» **What you have to do**
Once the pictures are set aside, copy the data below exactly as it stands.

» **Data listing**
===

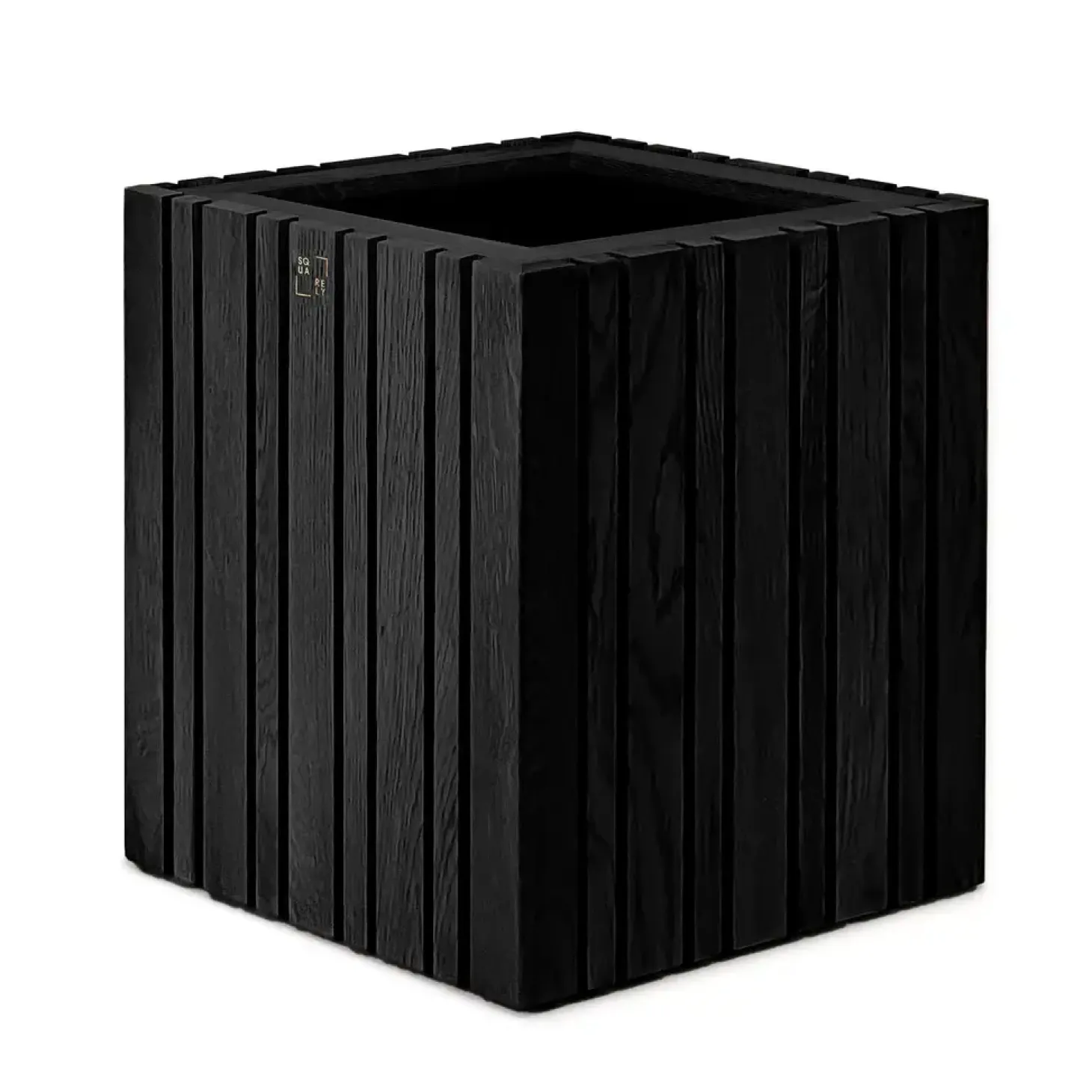 Håndlavet plantekasse i sort ask med vertikale lameller. GrowMORE har et selvvandingssystem på 4,5 L, der sikrer dine planter effektiv vanding i flere dage. Designet passer til både indendørs og udendørs brug.
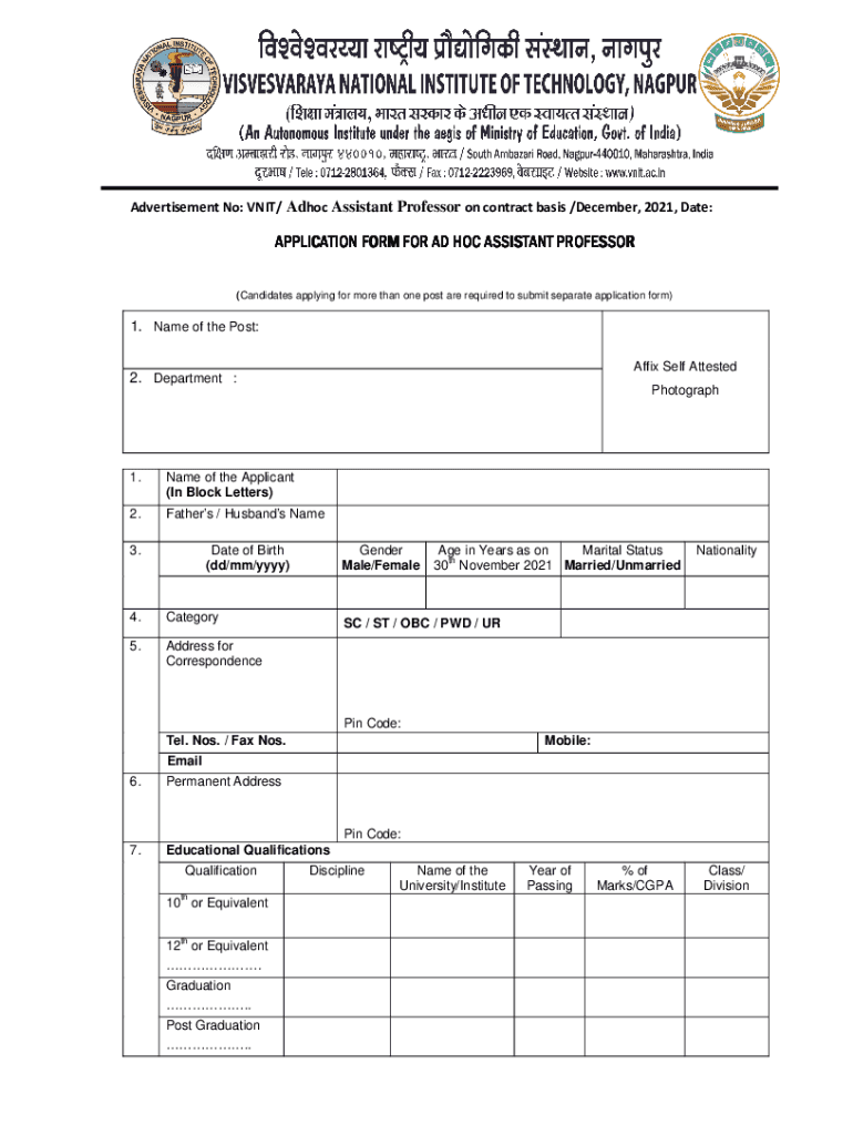 Advertisement No: UNIT/ Ad hoc Assistant Professor on contract basis /December 2021, Date:APPLICATION FORM FOR AD HOC ASSISTANT PROFESSOR (Candidates applying for more than one post are required to
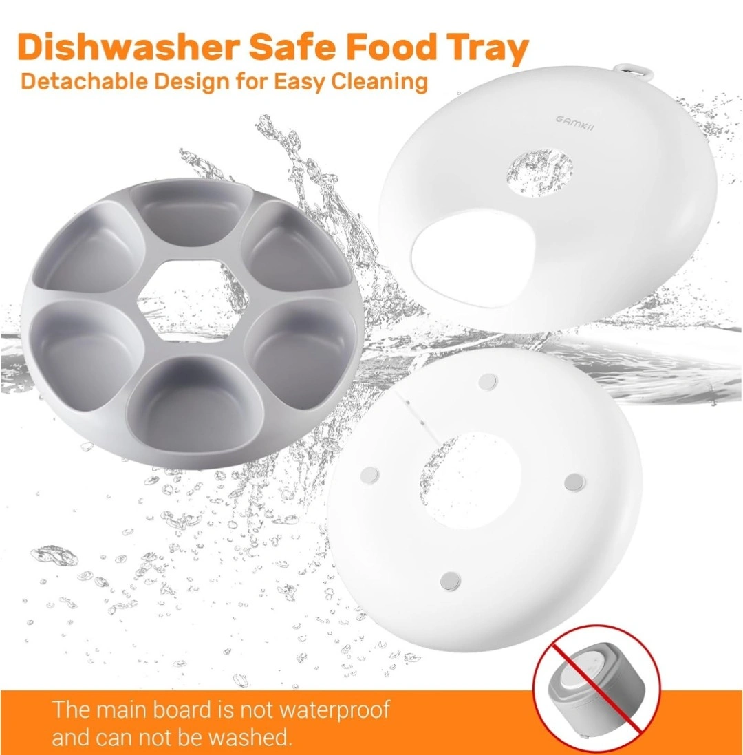 Selling a Gamkii automatic pet feeder! It's designed with a detachable food tray for easy cleaning. The feeder has a 3600mAh battery that lasts for 6-8 hours and provides up to 30 days of endurance time. It features 6 meal compartments and is suitable for both wet and dry food. Twin ice packs are included to keep the food fresh. The dimensions are 12.6" x 12.9" x 3.4".
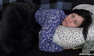 Sleepy Girlfriend in Pajamas Frolicking with Nipples
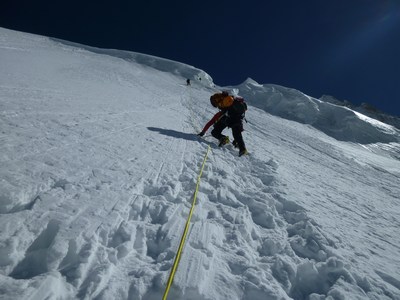 L'équipe du haut plie le camp après une nuit bien fraîche, c'est le premier jour sans nuage et continue son chemin sur le glacier avant d'être obligée de le quitter car il n'y a plus de passage. Ils ont enfin l'impression d'avancer... Cela va durer 500m, avant qu'ils ne se fassent bloquer le passage par un glacier très tourmenté qui descend des flancs de la montagne. Retour sur le glacier et labyrinthe géant sont au menu de cet après-midi. Dépôt matos à 5100m, puis ils commencent la descente au camp 1.
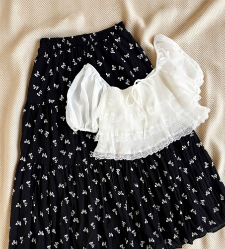 دامن عورسکی شرتکی طبقه ای کمرکش پاپیونی
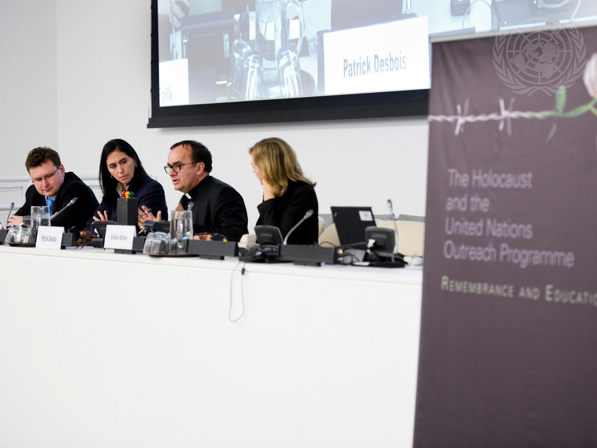 Father Patrick Desbois (second from right), President of Yahad-In Unum, speaks at the event. Also shown (from left): Andrej Umansky, Research Associate at Yahad-In Unum; Pamela Falk, UN Correspondent for CBS News; Gillian Kitley, Senior Officer, Office of the UN Special Adviser on the Prevention of Genocide.
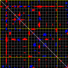 This matrix displays the maximum distance fluctuations between all pairs of CA atoms and between the two extreme conformations that were computed for this mode (DQMIN/DQMAX). Distance increases are plotted in blue and decreases in red for the strongest 10% of the residue pair distance changes. Every pixel corresponds to a single residue. Grey lines are drawn every 10 residues, yellow lines every 100 residues (counting from the upper left corner).
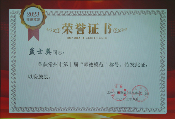 2023年8月,常州市教育局、常州市总工会公布了常州市第十届师德标兵和师德模范名单,江苏理工学院文化与旅游学院教授蓝士英荣获常州市师德模范称号。
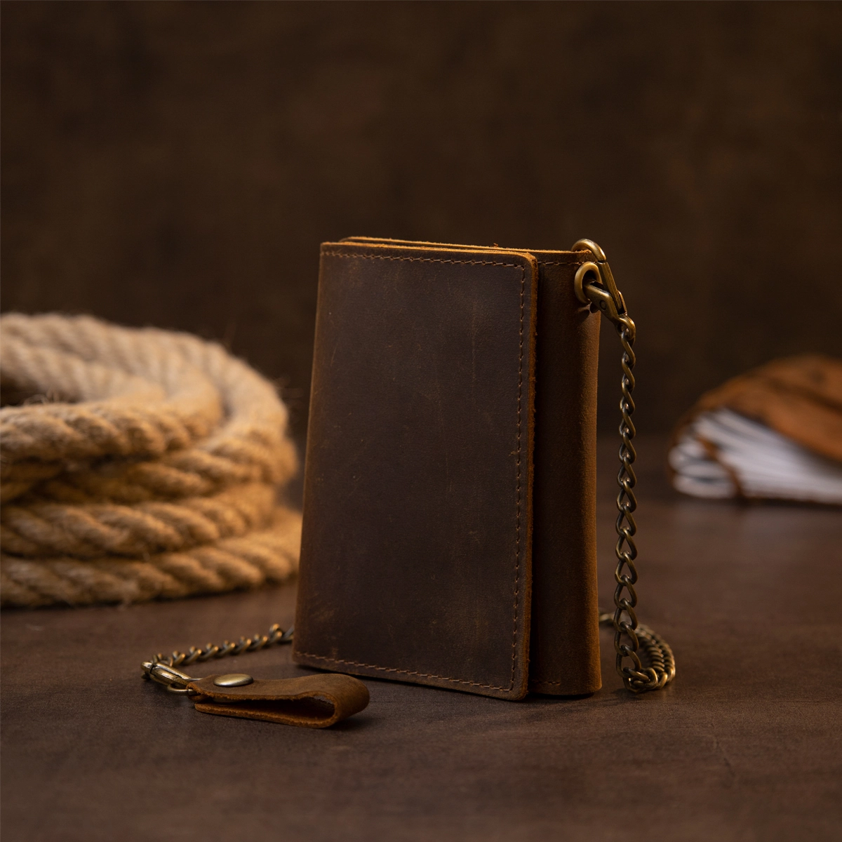 кнопками. Изделие имеет коричневый насыщенный цвет и выполнено в
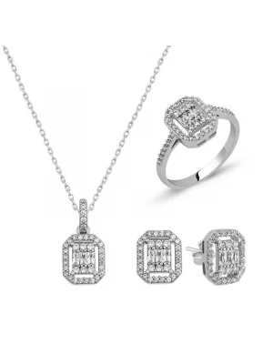 Gümüş Trapez Taşlı Bayan Set
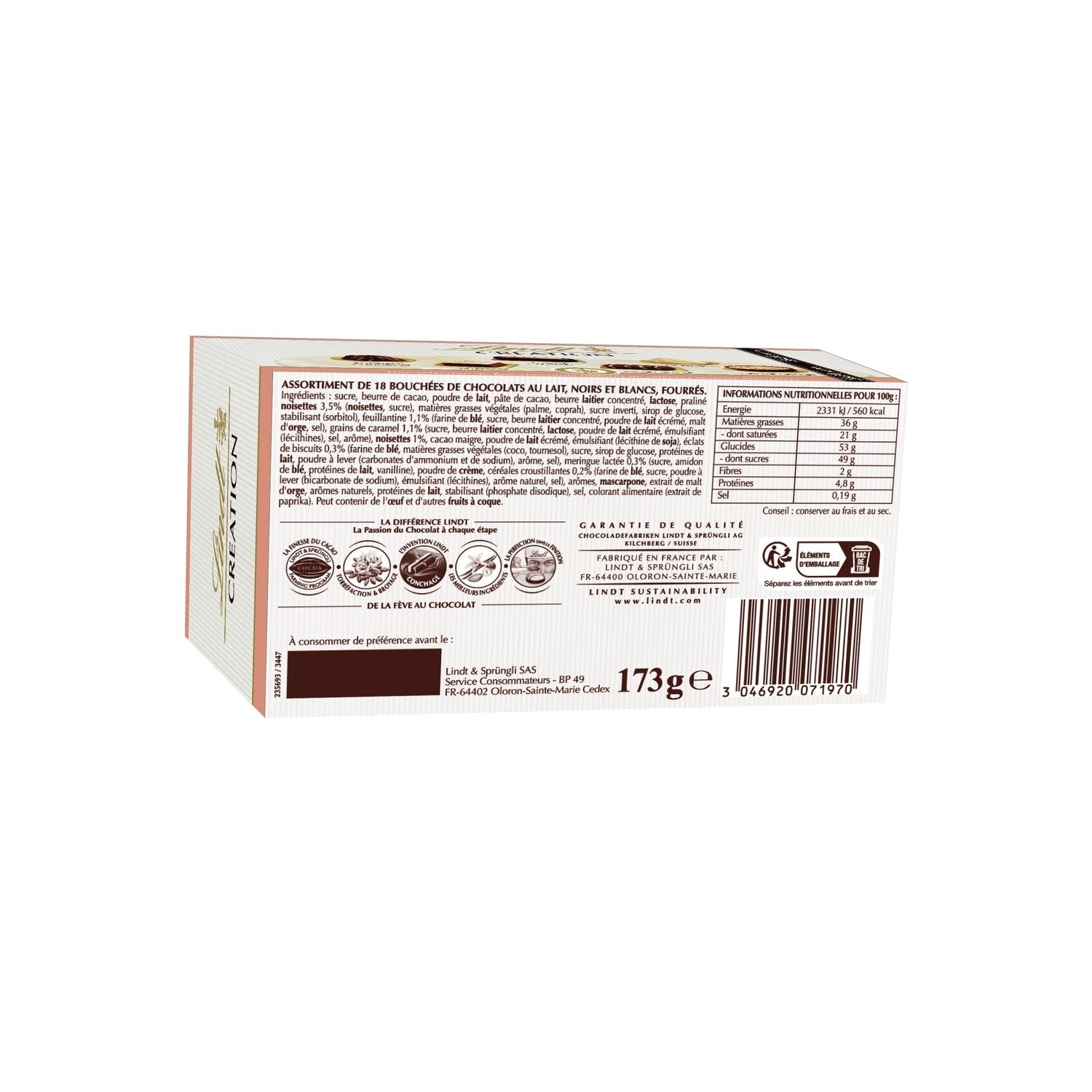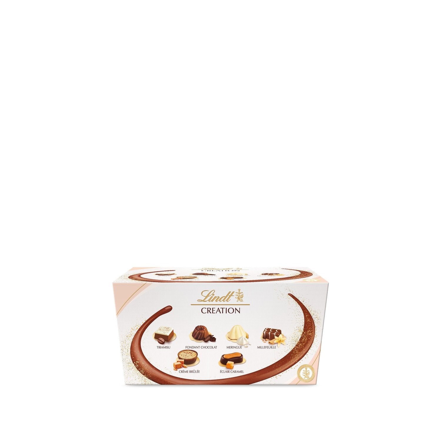 Lindt Création Dessert, an assortment of 18 fine and irresistible Lindt praline bites, Delicious chocolate bites made by our Lindt Maître Chocolatiers using the finest ingredients.,Lindt is all the finesse, passion and know-how of our Maître Chocolatiers to create delicious and irresistible chocolates to offer.,This box of chocolates contains: Caramel Eclair, Meringue, Millefeuille, Tiramisu, Chocolate Fondant, Crème Brulée
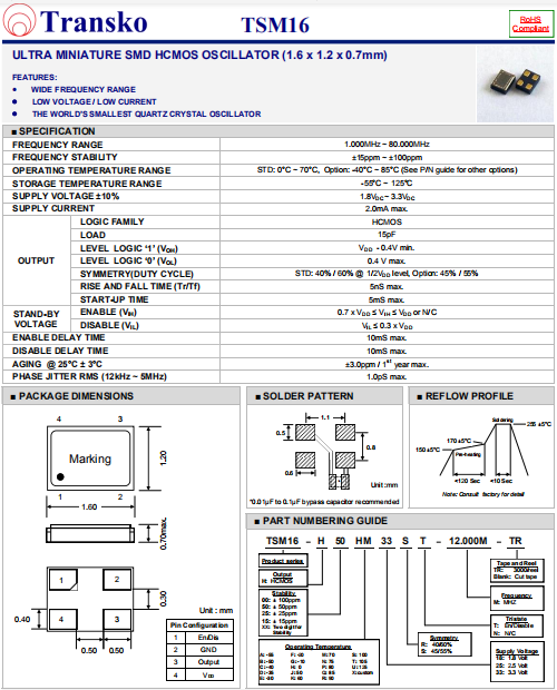 Transko晶振,TSM16晶振,高精度晶振.小體積SMD時(shí)鐘晶體振蕩器,是貼片石英晶振,兆赫頻率元件,應(yīng)用于時(shí)鐘模塊,智能手機(jī),全球定位系統(tǒng),因產(chǎn)品本身體積小,SMD編帶型,可應(yīng)用于高性能自動(dòng)貼片焊接,被廣泛應(yīng)用到各種小巧的便攜式消費(fèi)電子數(shù)碼時(shí)間產(chǎn)品,環(huán)保性能符合ROHS/無(wú)鉛標(biāo)準(zhǔn).
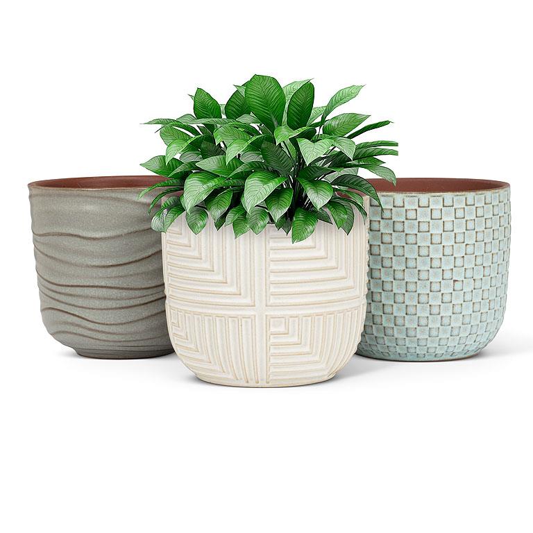Mypicompany Set Of 3 Flower Pot 18 Cm White Colour Large Outdoor Or Indoor Decorative Plastic Planter In Various Sizes And Colours Amazon De Garden

===

» **Response**
 Håndlavet plantekasse i sort ask med vertikale lameller. GrowMORE har et selvvandingssystem på 4,5 L, der sikrer dine planter effektiv vanding i flere dage. Designet passer til både indendørs og udendørs brug.
 Advertisement No: UNIT/ Ad hoc Assistant Professor on contract basis /December 2021, Date:APPLICATION FORM FOR AD HOC ASSISTANT PROFESSOR (Candidates applying for more than one post are required to
 Selling a Gamkii automatic pet feeder! It's designed with a detachable food tray for easy cleaning. The feeder has a 3600mAh battery that lasts for 6-8 hours and provides up to 30 days of endurance time. It features 6 meal compartments and is suitable for both wet and dry food. Twin ice packs are included to keep the food fresh. The dimensions are 12.6" x 12.9" x 3.4".
 Sleepy Girlfriend in Pajamas Frolicking with Nipples
 L'équipe du haut plie le camp après une nuit bien fraîche, c'est le premier jour sans nuage et continue son chemin sur le glacier avant d'être obligée de le quitter car il n'y a plus de passage. Ils ont enfin l'impression d'avancer... Cela va durer 500m, avant qu'ils ne se fassent bloquer le passage par un glacier très tourmenté qui descend des flancs de la montagne. Retour sur le glacier et labyrinthe géant sont au menu de cet après-midi. Dépôt matos à 5100m, puis ils commencent la descente au camp 1.
 دامن عورسکی شرتکی طبقه ای کمرکش پاپیونی
 Father Patrick Desbois (second from right), President of Yahad-In Unum, speaks at the event. Also shown (from left): Andrej Umansky, Research Associate at Yahad-In Unum; Pamela Falk, UN Correspondent for CBS News; Gillian Kitley, Senior Officer, Office of the UN Special Adviser on the Prevention of Genocide.
 This matrix displays the maximum distance fluctuations between all pairs of CA atoms and between the two extreme conformations that were computed for this mode (DQMIN/DQMAX). Distance increases are plotted in blue and decreases in red for the strongest 10% of the residue pair distance changes. Every pixel corresponds to a single residue. Grey lines are drawn every 10 residues, yellow lines every 100 residues (counting from the upper left corner).
 2023年8月,常州市教育局、常州市总工会公布了常州市第十届师德标兵和师德模范名单,江苏理工学院文化与旅游学院教授蓝士英荣获常州市师德模范称号。
 кнопками. Изделие имеет коричневый насыщенный цвет и выполнено в
 Gümüş Trapez Taşlı Bayan Set
 Lindt Création Dessert, an assortment of 18 fine and irresistible Lindt praline bites, Delicious chocolate bites made by our Lindt Maître Chocolatiers using the finest ingredients.,Lindt is all the finesse, passion and know-how of our Maître Chocolatiers to create delicious and irresistible chocolates to offer.,This box of chocolates contains: Caramel Eclair, Meringue, Millefeuille, Tiramisu, Chocolate Fondant, Crème Brulée
 Transko晶振,TSM16晶振,高精度晶振.小體積SMD時(shí)鐘晶體振蕩器,是貼片石英晶振,兆赫頻率元件,應(yīng)用于時(shí)鐘模塊,智能手機(jī),全球定位系統(tǒng),因產(chǎn)品本身體積小,SMD編帶型,可應(yīng)用于高性能自動(dòng)貼片焊接,被廣泛應(yīng)用到各種小巧的便攜式消費(fèi)電子數(shù)碼時(shí)間產(chǎn)品,環(huán)保性能符合ROHS/無(wú)鉛標(biāo)準(zhǔn).
Mypicompany Set Of 3 Flower Pot 18 Cm White Colour Large Outdoor Or Indoor Decorative Plastic Planter In Various Sizes And Colours Amazon De Garden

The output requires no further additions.